Во время долгого пути с улицы Валь-де-Грас до дома Генриетты на Севрской улице, с заездом на Восточный вокзал, Лори подробно описал г-же Эпсен эту сцену. Обновленный Шемино произвел на него столь сильное впечатление, что он невольно воспроизводил все его слова, подражал его резкому, хриплому голосу. Он не пригрозил г-же Эпсен: «Я от вас откажусь», — зато повторил слова Шемино о том, что люди эти слишком могущественные, что «дурить» не следует. Бедняжка и не собиралась «дурить», она была сражена, подавлена и вся трепетала от страшной мысли попасть в сумасшедший дом.

Они приехали к Генриетте уже в сумерках, поднялись по лестнице неказистого дома, со стертыми ступеньками, со всевозможными запахами, среди которых ясно различались запах горячего теста, исходивший из пекарни, и запах клея и краски, который вырывался из помещения на третьем этаже, где на двери красовалась дощечка с надписью:

МАНЬЯБОС. ЖИВОПИСЕЦ

Им отворила моложавая женщина в большом фартуке, как у школьницы; лоб у нее был обвязан прохладительным компрессом, в руках она держала палитру и кисточки для волочения.

— Вы к мадемуазель Брис?.. Это здесь… Подождите немного, она пошла за обедом.

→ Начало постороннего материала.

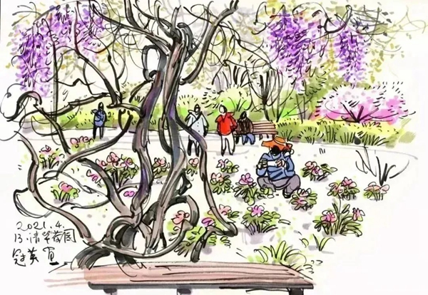吴冠英非常注重写生,他认为,专业作者不能完全靠灵感,而是要掌握创作的方法,创作需要不断去构思,不断挖掘各种可能的表达,坚持写生的目的就是要去观察一个人、一朵花、一棵树……

Переднюю освещала полоска света, пробивавшегося через приотворенную дверь из длинной, узкой мастерской, где виднелись сотни церковных статуэток, сверкавших позолотой и яркой росписью. Рядом с мастерской находилась комната Генриетты; она не запиралась, и гостям предложили войти. Беспорядок, который царил здесь: неубранная постель, заваленная газетами, посуда, стоявшая на столе без скатерти рядом с чернильницей, листки, исписанные неровным почерком с множеством клякс, четки с крупными зернами, висевшие над статуэткой Иоанна Крестителя с белым ягненком на плечах, густая пыль, которую, по-видимому, никогда не стирали, — все это красноречиво говорило о жизни причудливой и бестолковой, занесенной в эту каморку с окном, в узкий, как колодец, двор, который только по вечерам освещался ярким светом из подвала пекарни. Окно каморки упиралось в мрачную стену, до которой было рукой подать; плесень и трещины сверху донизу, вдоль и поперек испещрили ее аккуратными иероглифами, и их легко было расшифровать: болезнь, нищета… болезнь, нищета… нищета и болезнь.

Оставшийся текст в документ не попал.